Before the Super Bowl, someone in our office comes around with a 10×10 grid on which folks pay $10 to write their name on a square. One person can buy many squares if desired. Once all squares are filled with names, the digits 0-9 are assigned randomly on both the horizontal and vertical axes. Each axis represents the last digit of the score of one of the teams. So, if you chose square (4,3) and the score at the end of a quarter in the Super Bowl was 24 to 13, you would win $200. If the final score was 34 to 23, you would win an additional $400. Because of the vagaries of football, not all squares are equally likely to come up. The folks at dataists have created probability matrices based on historical Super Bowl data. My coworker Jon used similar data to create a cool web app.

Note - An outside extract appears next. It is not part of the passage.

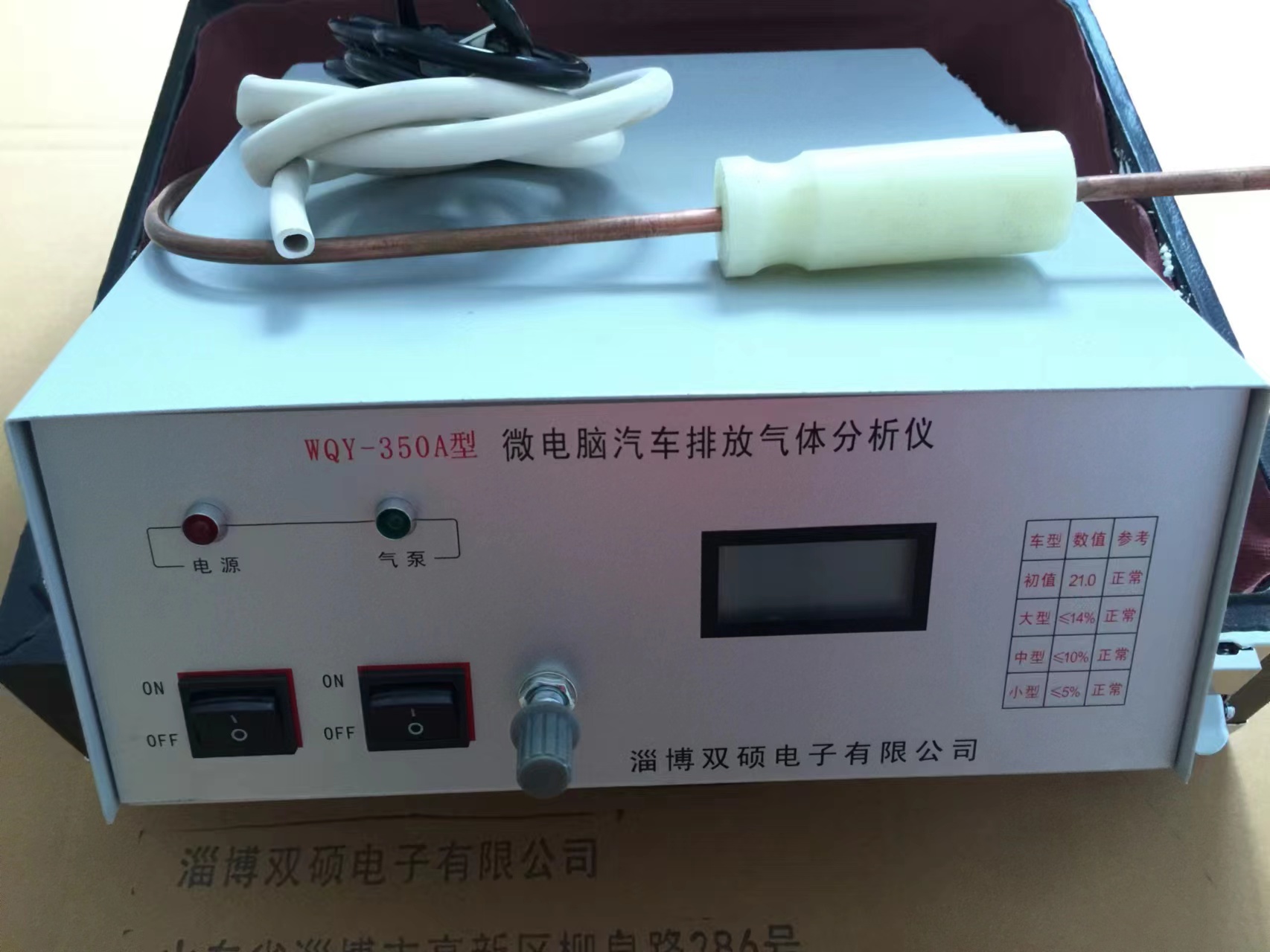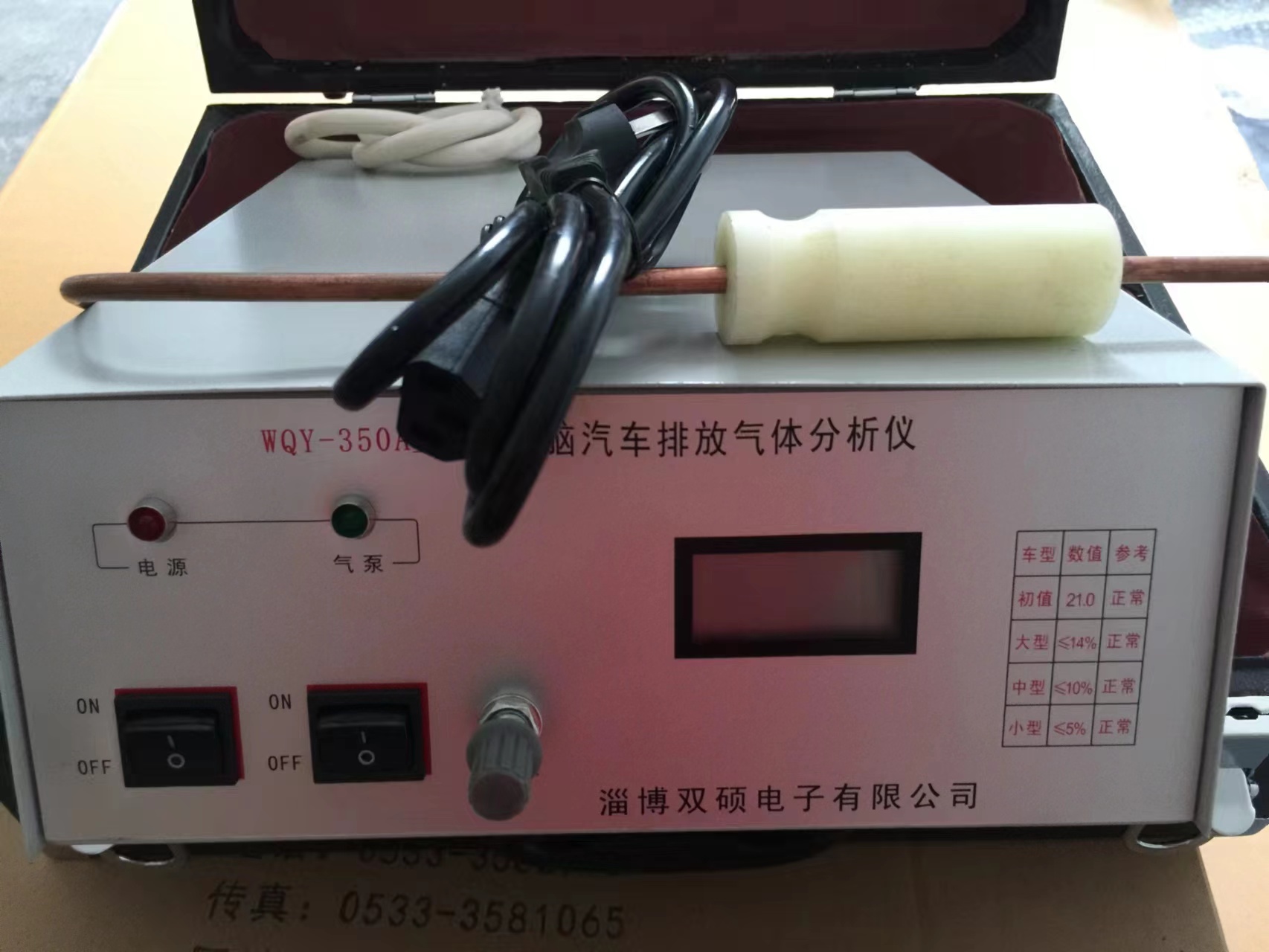 WQY-350A型微电脑汽车排放气体分析仪是对汽车尾气中的含氧量进行分析,从而判断出汽车尾气中一氧化碳(CO)和碳氢化合物(HC)的排放量是否符合国家标准的要求;还可从排放尾气的含氧量(%)大小,反映出发动机的空燃比是否在最佳动力性和经济性状态。该仪器是专门为汽车维护、修理部门而设计的,能满足对排放气体分析的需要,具有结构紧凑、操作简单,使用方便且价格低廉等特点,是汽车维护、维修行业理想的检测设备。

However, players don’t know which combinations they will be assigned before writing their names on the grid. The only decision they can make is about how many squares to buy. I wanted to see if there was an advantage to purchasing more than one square. Using the dataists’ code, I ran some simulations to see what the optimum choice was in terms of how many squares to purchase. As you can see, after 10,000 simulations, there is no clear relationship between the number of squares purchased and profitability. Note that the graphs show absolute profit, not relative. Also, as we run more and more simulations, the gap between maximum and minimum profits for all squares diminishes, suggesting that the expected net profit is essentially zero regardless of the number of squares chosen as the number of simulations approaches infinity. In conclusion, it seems like Super Bowl pools are fun, but not a good way to reliably make money.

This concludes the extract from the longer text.